War is war and murder is murder. The law draws the distinction. The American armed drone is a weapons system of war, not of policemen. And even if it were a police weapon (as it may, one fears, become in the future), the United States Department of Defense and the CIA are not police forces, nor has the U.S. a commission to police the world of its radicals, jihadists and religious fanatics, although for too many years it has acted as if it did.
Nor is the U.S. constitutionally at war. President George W. Bush declared war on "terror" after the 9/11 attacks, which is legally meaningless, and the U.S. Congress responded with a joint resolution authorizing the president to use all necessary and appropriate force against those responsible for the attacks.

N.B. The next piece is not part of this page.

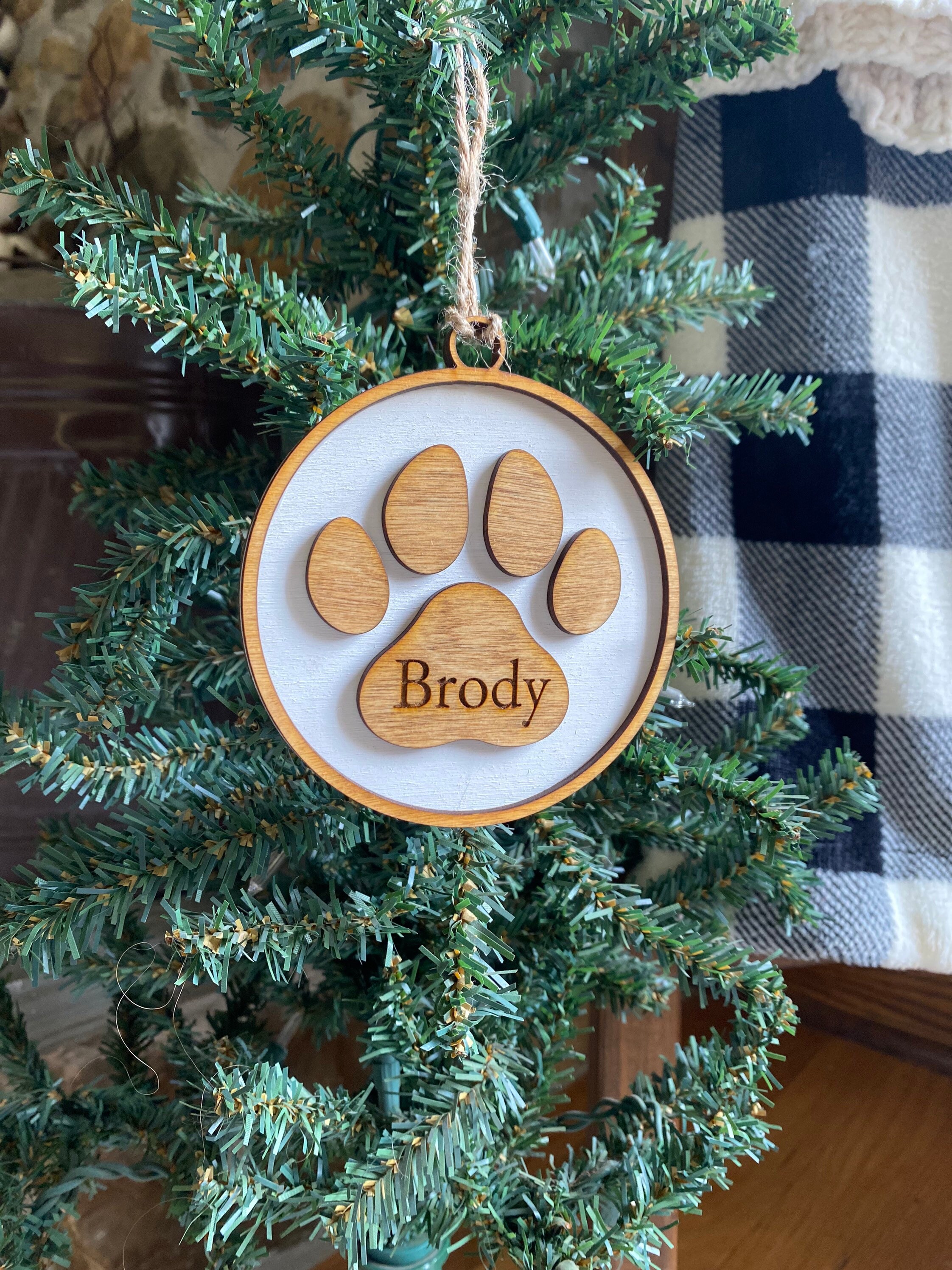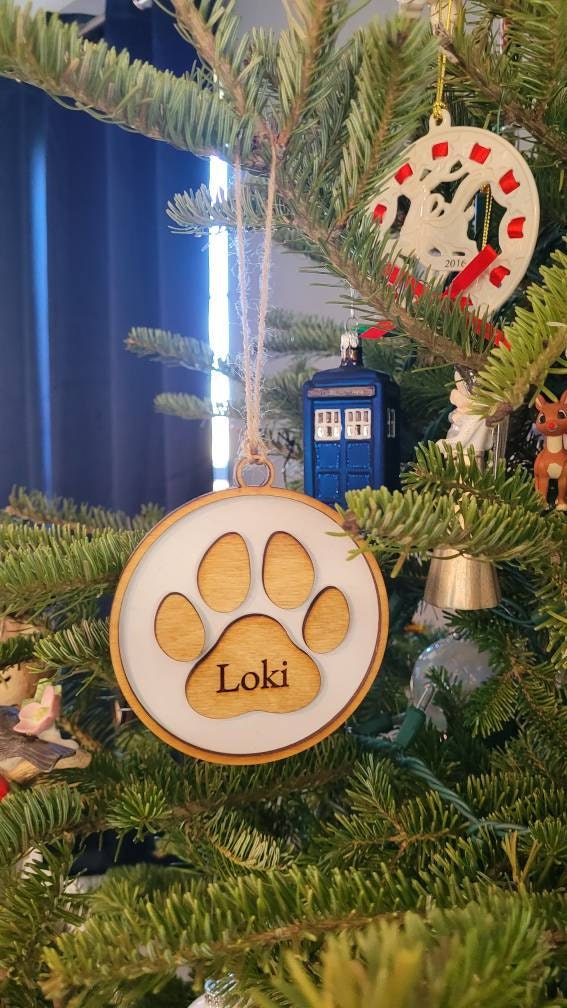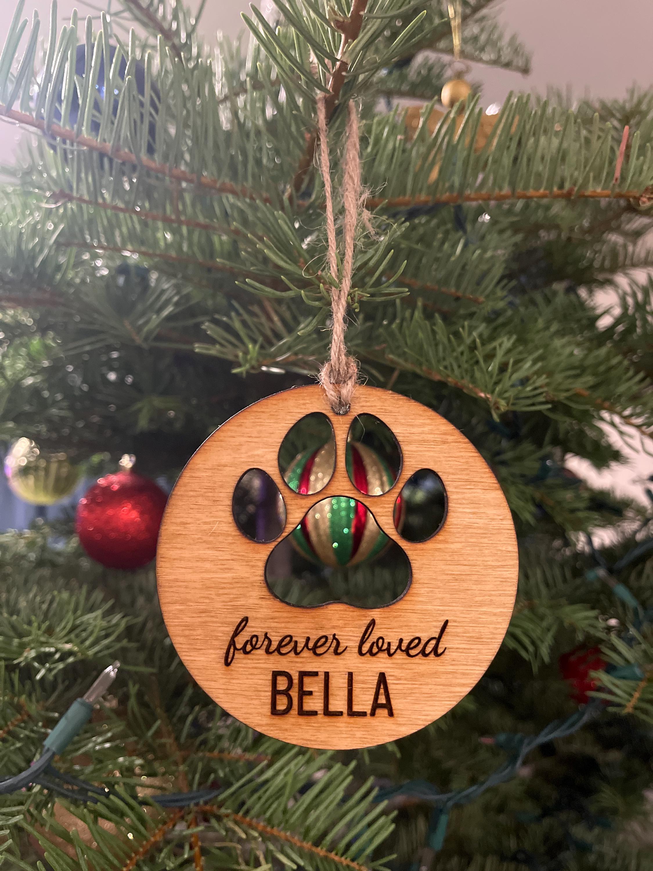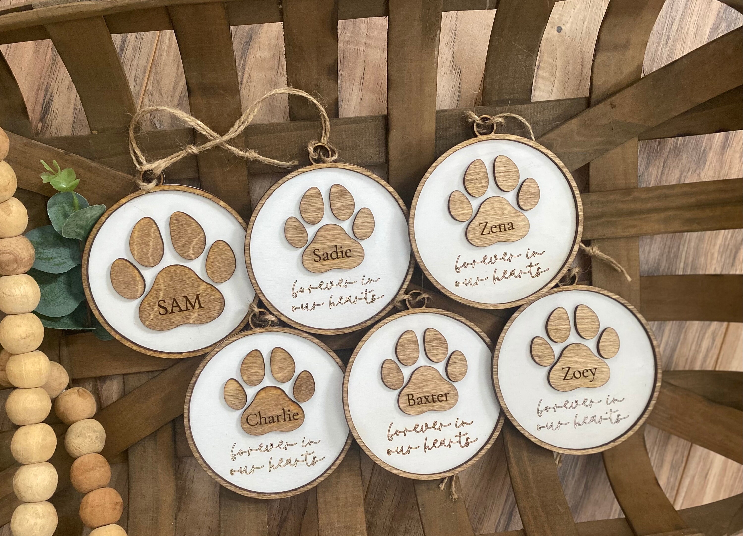 Honor your beloved pet with these beautiful laser cut and engraved wood hangings that make great gifts for family, friends, or any pet lover. Hang on your Christmas tree, stocking, or display year-round.
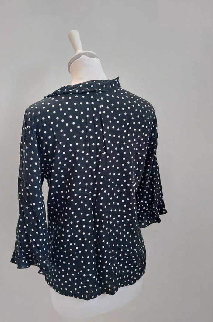 Chemisier fluide noir à pois blanc et froufrous taille 40

That still was not a declaration of war, but it was interpreted by the U.S. government, the U.N. Security Council, NATO and most major nations to represent a legally legitimate position of self-defense — which it obviously was not, although it was a matter of legitimate retaliation.
However, the people currently being killed by the U.S.' armed drones had nothing to do with the 9/11 attacks, even if they undoubtedly approved, or now approve, of those attacks, considering them legitimate acts of Arab retaliation against American complicity in Israel's military annexation and occupation of territories legally belonging to Palestinians, Washington's enforcement of devastating civilian sanctions on Iraq, and the continuing presence of U.S. military forces in Saudi Arabia, in proximity to Muslim sacred sites.